Dendritic cell (DC) subsets with biased capacity for CD4⁺ and CD8⁺ T cell activation are asymmetrically distributed in lymph nodes (LNs), but how this affects adaptive responses has not been extensively studied. Here we used quantitative imaging to examine the relationships among antigen dispersal, DC positioning, and T cell activation after protein immunization. Antigens rapidly drained into LNs and formed gradients extending from the lymphatic sinuses, with reduced abundance in the deep LN paracortex. Differential localization of DCs specialized for major histocompatibility complex I (MHC I) and MHC II presentation resulted in preferential activation of CD8⁺ and CD4⁺ T cells within distinct LN regions. Because MHC I–specialized DCs are positioned in regions with limited antigen delivery, modest reductions in antigen dose led to a substantially greater decline in CD8⁺ compared with CD4⁺ T cell activation, expansion, and clonal diversity. Thus, the collective action of antigen dispersal and DC positioning regulates the extent and quality of T cell immunity, with important implications for vaccine design.
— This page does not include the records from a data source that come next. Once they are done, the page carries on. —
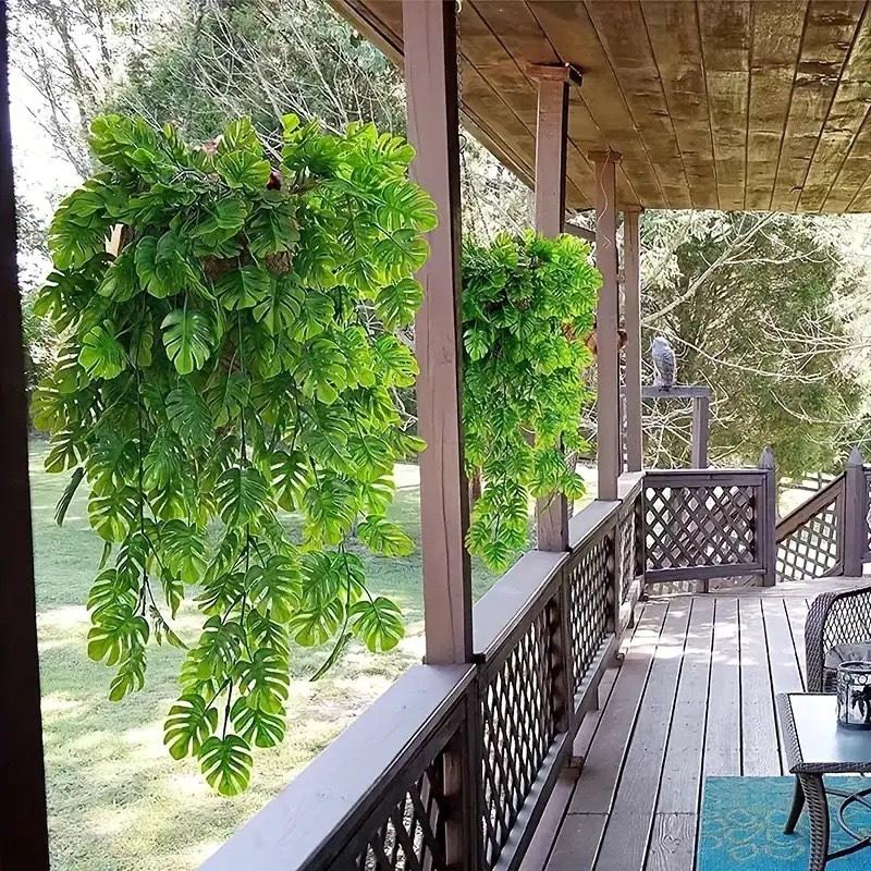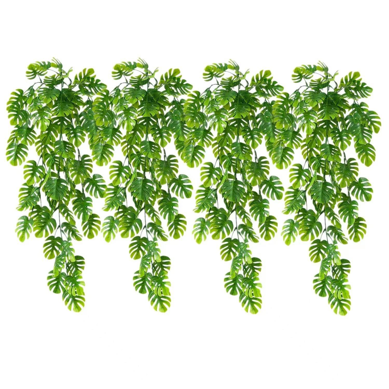 Planta de simulación de hojas de tortuga de ratán para colgar en la pared, hojas verdes, decoración para el hogar, boda, flores falsas.
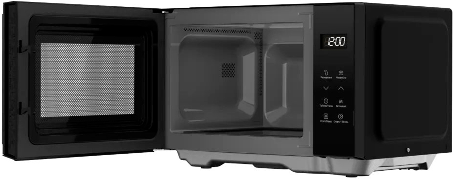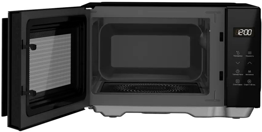 Микроволновые печи могут иметь навесную или откидную дверцу. Модели с навесной дверцей, запирающейся на механические защелки, могут быть как встраиваемыми, так и отдельно стоящими. Такие СВЧ-печи с дверцей, открывающейся влево или вправо, могут относиться к любой категории цен: от самых простых и дешевых до премиальных моделей. Недостатки дверцы с петлями сбоку — выступающая ручка, которая затрудняет очистку фасада, и небольшой угол открытия не более 90 градусов, который может препятствовать, например, размещению прибора в углу. Если ручка действительно мешает, стоит выбрать модель, дверца которой открывается нажатием на кнопку или прикосновением к сенсору на боковой панели управления.
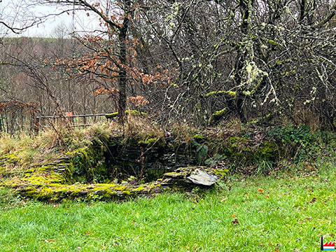 | Seit den Kriegszerstörungen 1944/45 findet man nur noch von Pflanzen überwucherte Ruinen, die einem Einwohner aus Villers-la-Bonne-Eau gehören. | |
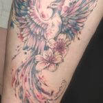 Tetování mýtická bytost fénix na stehno
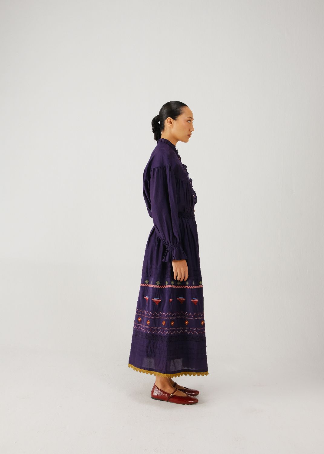 What anchors the brand is its reverence for technique. Smocking, lacework, appliqué—the kind of hand-labour that belongs to heirloom trunks and craft histories—reappear with a fresh, expressive clarity. The garments feel almost cinematic: nostalgic without being dated, whimsical without being naive, artistic without ever losing function. It’s the rare kind of design that feels both intimate and extraordinary.
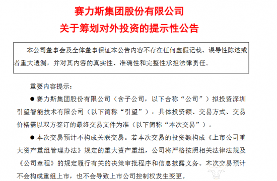 7月29日,公司又发布《关于筹划对外投资的提示性公告》表示:赛力斯集团股份有限公司拟投资深圳引望智能技术有限公司。
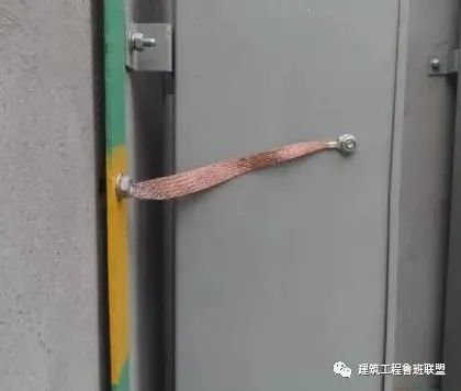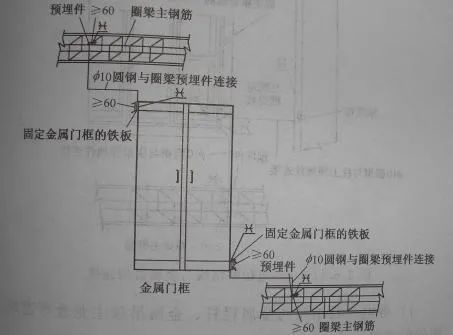 等电位联结线与金属门的连接(如示意图):采用φ10的圆钢,一端与圈梁预埋件焊接牢固,另一端通过搭接板(100㎜x30㎜x3㎜的镀锌扁钢)与固定门框上的预埋铁板连接。连接位置宜在门内侧的上端或下端。
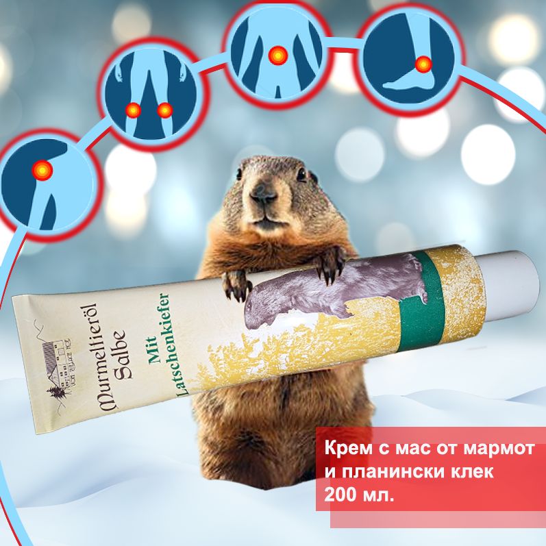 Крем с мас от мармот и алпийски клек прониква в дълбочина и облекчава болката.

具有CD4 ⁺和CD8 ⁺ T细胞活化能力的树突状细胞（DC）子集不对称地分布在淋巴结（LNs）中，但是尚未广泛研究其如何影响适应性反应。在这里，我们使用定量成像来检查蛋白质免疫后抗原扩散，DC定位和T细胞活化之间的关系。抗原迅速排入LNs，并形成从淋巴窦延伸的梯度，降低了深层LN旁皮质的丰度。专用于主要组织相容性复合体I（MHC I）和MHC II呈递的DC的差异化定位导致CD8 ⁺和CD4 ^+的优先激活不同LN区域内的T细胞。由于MHC I特异的DC位于抗原传递受限的区域，与CD4 ⁺ T细胞的活化，扩增和克隆多样性相比，抗原剂量的适度降低导致CD8 ^+的下降幅度更大。因此，抗原分散和DC定位的共同作用调节了T细胞免疫的程度和质量，对疫苗设计具有重要意义。